Pollster Dahlia Scheindlin, who’s worked on campaigns in Israel and abroad since 1999, said Israelis voted first through the prism of security, and only later did they pick the candidates who appealed to their ideas about the economy and social welfare.
“In America the major issues are economic, but there are also other wedge issues, like gun control and abortion,” she said. “We have important social and economic issues here, but they tend to be not as enduring or divisive as security or conflict-related themes.”
Israelis also run more rushed, haphazard campaigns than their American counterparts. The prime minister is elected for a four-year term, but that term can be cut short if Parliament decides to call early elections, which happens frequently.
American influence is felt in ways other than campaigning. Israel’s largest newspaper, the free daily Israel Hayom, is funded by American casino magnate Sheldon Adelson. Critics say the newspaper is a mouthpiece for Netanyahu.
Americans also are candidates. Michael Oren, a former Israeli ambassador to the United States who was born in New York and graduated from Princeton University, is fourth on the Kulanu slate, which aims to reduce economic inequality in Israel. Dov Lipman, who hails from Silver Spring, Md., is seeking re-election as a member of Lapid’s Yesh Atid party. Lipman and Oren have forfeited their U.S. passports to work as public servants in Israel.

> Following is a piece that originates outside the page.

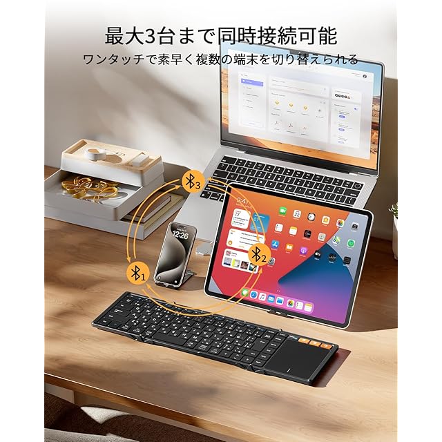 【3台同時接続可能&マルチOS対応】高性能と低消費電力を両立するBluetooth 5.1により、最大約10mの範囲で安定した接続が可能です。この折り畳みキーボードはAndroid、Windows、iPad OS、macOS、iOSなど幅広いOSに対応しており、最大3台のデバイスを同時に接続できます。ボタン一つでスマホやタブレット、PC、iPad、iPad mini、iPad airなどの端末を素早く切り替えられます。複数のデバイスを頻繁に使い分けている方にぴったりです!(※USBレシーバー接続と有線接続に非対応)

One group that doesn’t seem to have an American consultant is the Joint List slate of Arab parties running for Parliament seats. The Joint List aims to raise Arab voter turnout and counter what it claims is a rising tide of racism in Israel.
“We are trying to focus on issues,” said Reut Mor, a Joint List spokeswoman. She scoffed at the election campaign the Likud is running. “It feels like Likud isn’t even bothering to put up a platform,” she said. “They are just trying to be cool.”